🤖 AI Summary
Current video generation models struggle to produce coherent multi-shot narrative videos, facing three key bottlenecks: narrative fragmentation, visual inconsistency, and jarring shot transitions. To address this, we propose the first end-to-end, single-sentence-prompt-driven framework for multi-shot video generation—requiring no manual scripting or post-editing. Our method introduces three core innovations: (1) dynamic storyline modeling, (2) identity-aware cross-shot propagation, and (3)邻近潜空间过渡 (proximal latent-space transition), integrated with five-dimensional cinematic normalization (character motion, background continuity, relational evolution, camera movement, and high-dynamic-range lighting), IPP-based identity token generation, and boundary-aware latent-space reset. Experiments demonstrate 20.4% and 17.4% improvements in intra-shot face and style consistency, respectively; a 100% gain in cross-shot consistency over SOTA; and a 90% reduction in manual adjustments.
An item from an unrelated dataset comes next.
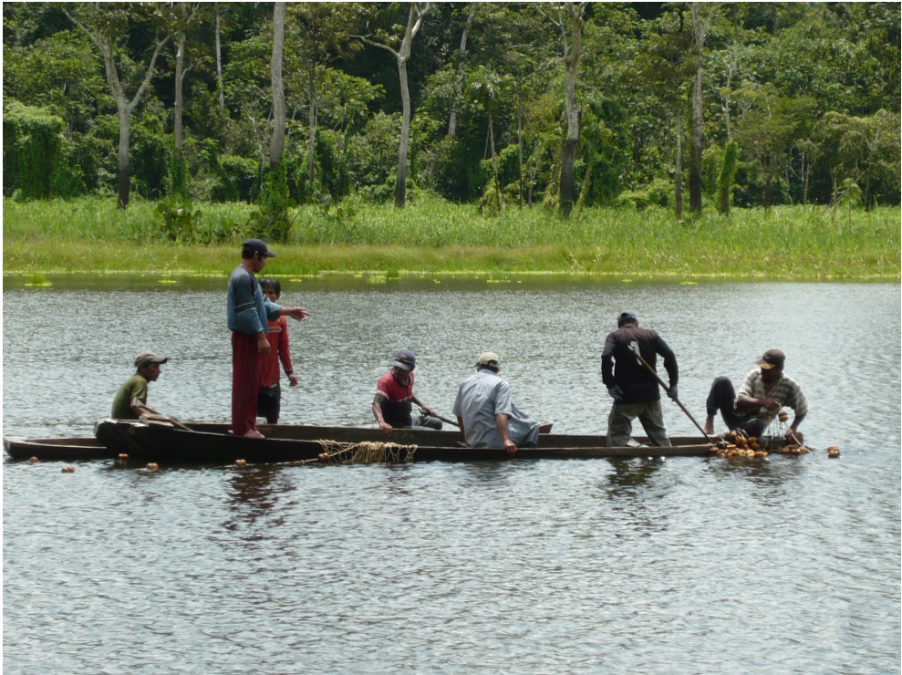
Fig. 2. Integrantes del grupo Tigres Negros pescando paiche (Arapaima gigas) en la laguna Jacinto.

To our knowledge, this is the first work to jointly ensure character consistency, narrative coherence, and visual fluency in multi-shot video generation.
📝 Abstract
Current video generation models excel at short clips but fail to produce cohesive multi-shot narratives due to disjointed visual dynamics and fractured storylines. Existing solutions either rely on extensive manual scripting/editing or prioritize single-shot fidelity over cross-scene continuity, limiting their practicality for movie-like content. We introduce VideoGen-of-Thought (VGoT), a step-by-step framework that automates multi-shot video synthesis from a single sentence by systematically addressing three core challenges: (1) Narrative Fragmentation: Existing methods lack structured storytelling. We propose dynamic storyline modeling, which first converts the user prompt into concise shot descriptions, then elaborates them into detailed, cinematic specifications across five domains (character dynamics, background continuity, relationship evolution, camera movements, HDR lighting), ensuring logical narrative progression with self-validation. (2) Visual Inconsistency: Existing approaches struggle with maintaining visual consistency across shots. Our identity-aware cross-shot propagation generates identity-preserving portrait (IPP) tokens that maintain character fidelity while allowing trait variations (expressions, aging) dictated by the storyline. (3) Transition Artifacts: Abrupt shot changes disrupt immersion. Our adjacent latent transition mechanisms implement boundary-aware reset strategies that process adjacent shots' features at transition points, enabling seamless visual flow while preserving narrative continuity. VGoT generates multi-shot videos that outperform state-of-the-art baselines by 20.4% in within-shot face consistency and 17.4% in style consistency, while achieving over 100% better cross-shot consistency and 10x fewer manual adjustments than alternatives.